TASK:
Locate "На участках, где" in the listing. Transcribe the line that contains it and every line that follows, through the last, omitting all pictures.

══ DATA

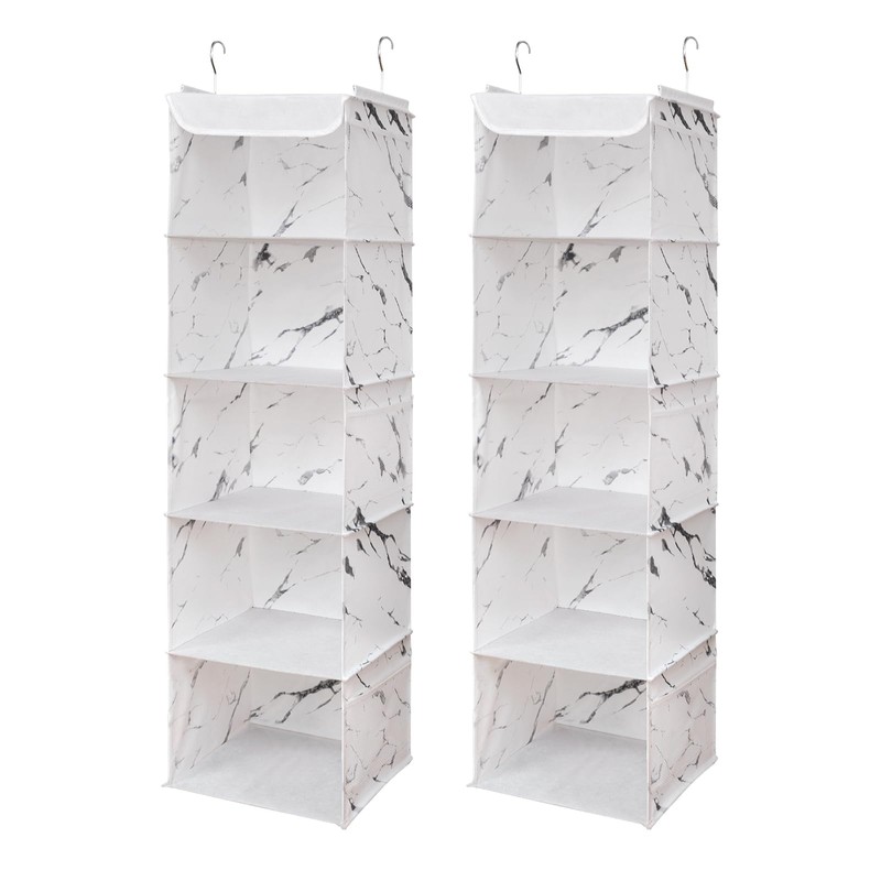 BrilliantJo 5 Shelves Hanging Closet Organizer, 2 Pack Hanging Storage with 6 Side Pockets for Clothes Shoes, 43"x12"x12"(Marblizing)
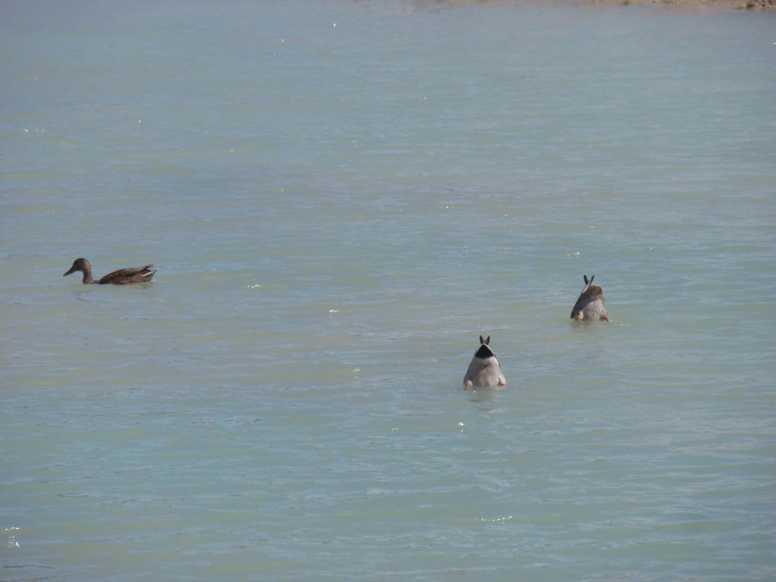 На участках, где полевые работы закончены, пошли грунтовые воды и образовалось пресное озеро. В нём плавают уточки, и даже как-то кормятся ))
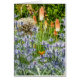 Ein schöner Schmetterling ist auf einer blauen Blume inmitten eines Sommergarten gelandet.
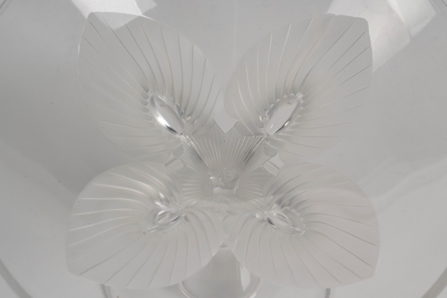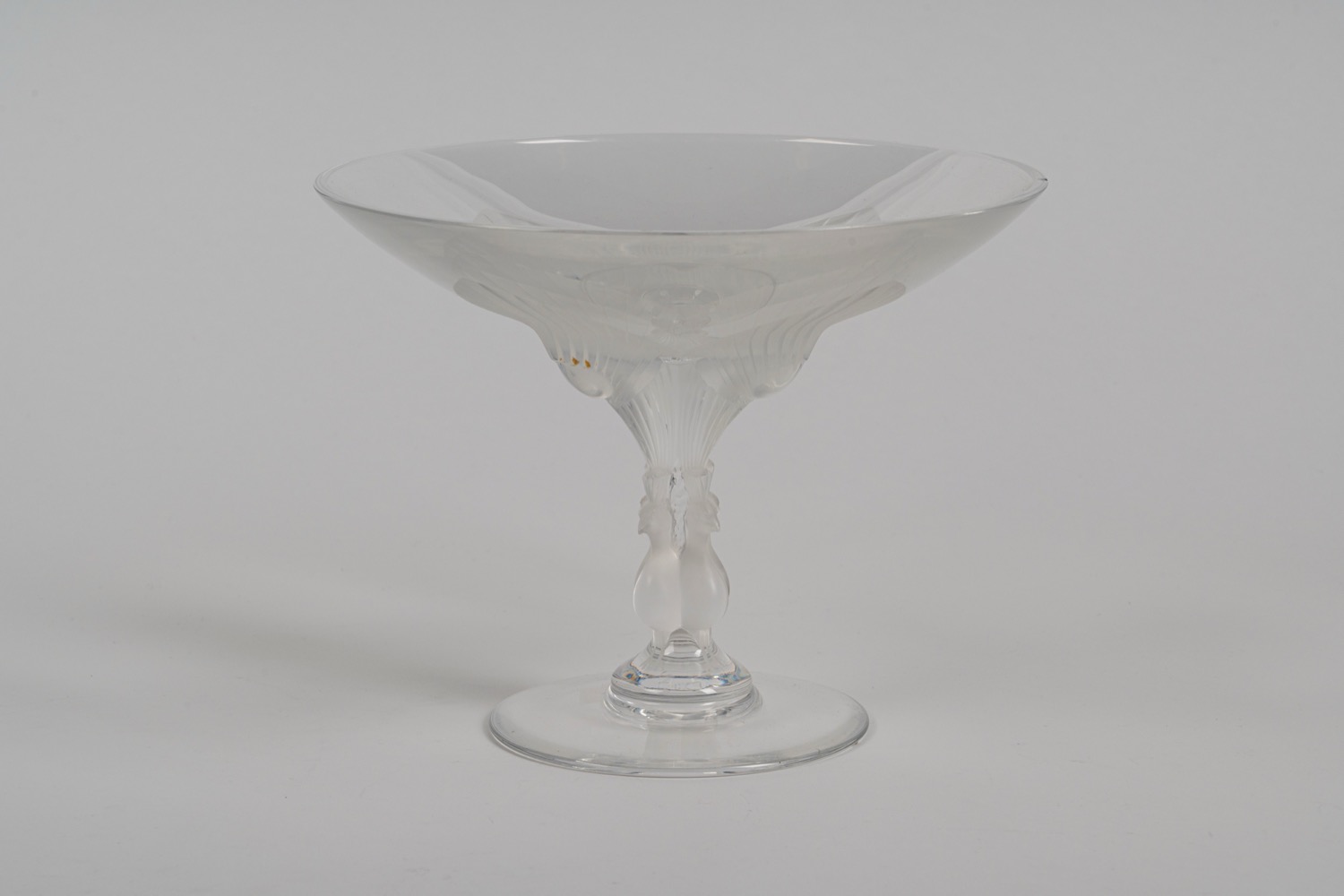 Lalique France Alzata in cristallo con stelo a quattro pavoni

════

RESULT OF THE EXERCISE:
 На участках, где полевые работы закончены, пошли грунтовые воды и образовалось пресное озеро. В нём плавают уточки, и даже как-то кормятся ))
 Ein schöner Schmetterling ist auf einer blauen Blume inmitten eines Sommergarten gelandet.
 Lalique France Alzata in cristallo con stelo a quattro pavoni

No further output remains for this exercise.